[Problem details] All of the data should be repeated exactly; pictures are not part of the copy.

[Data provided]
[Start of section]

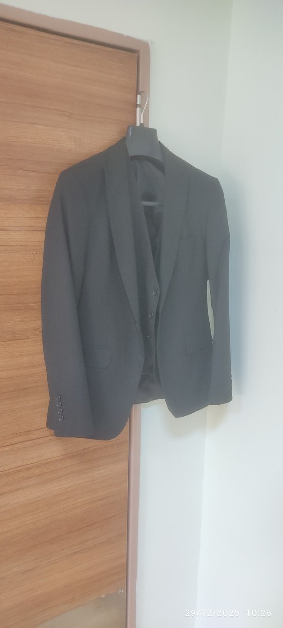 CSS marka 48/6 yelekli Koyu gri renkli, klasik kesim erkek takım elbisesi. Uzun kollu, düğmeli ve normal boyda, ofis için uygun şık bir parça. ️
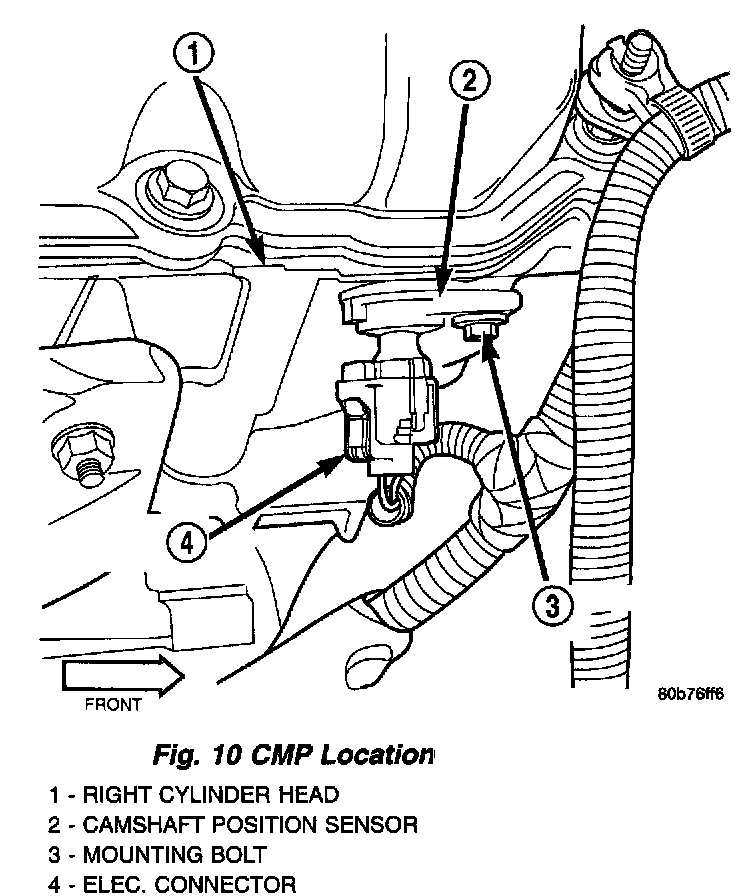 The Camshaft Position Sensor (CMP) on this engine is bolted to the front/top of the right cylinder head.
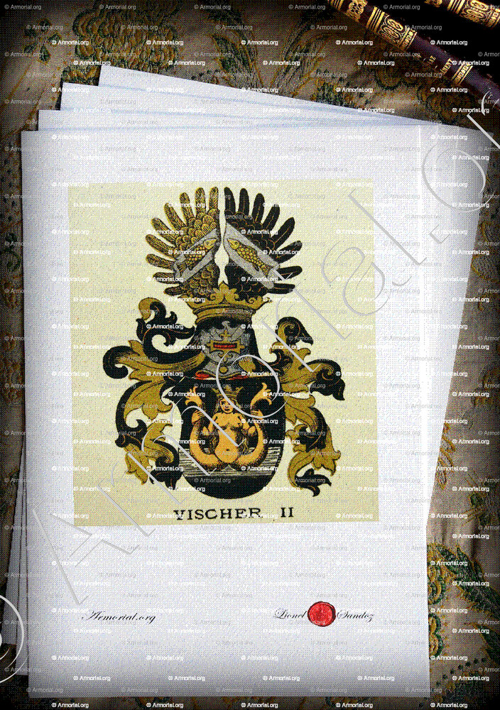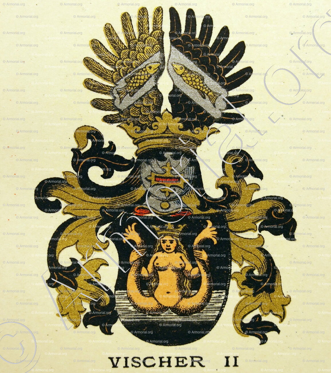VISCHER est un nom qui s’accompagne d’un blason. Origine :Wappenbuch der Stadt Basel . B.Meyer Knaus 1880, Schweiz

[End of section]

[Response area]
 CSS marka 48/6 yelekli Koyu gri renkli, klasik kesim erkek takım elbisesi. Uzun kollu, düğmeli ve normal boyda, ofis için uygun şık bir parça. ️
 The Camshaft Position Sensor (CMP) on this engine is bolted to the front/top of the right cylinder head.
VISCHER est un nom qui s’accompagne d’un blason. Origine :Wappenbuch der Stadt Basel . B.Meyer Knaus 1880, Schweiz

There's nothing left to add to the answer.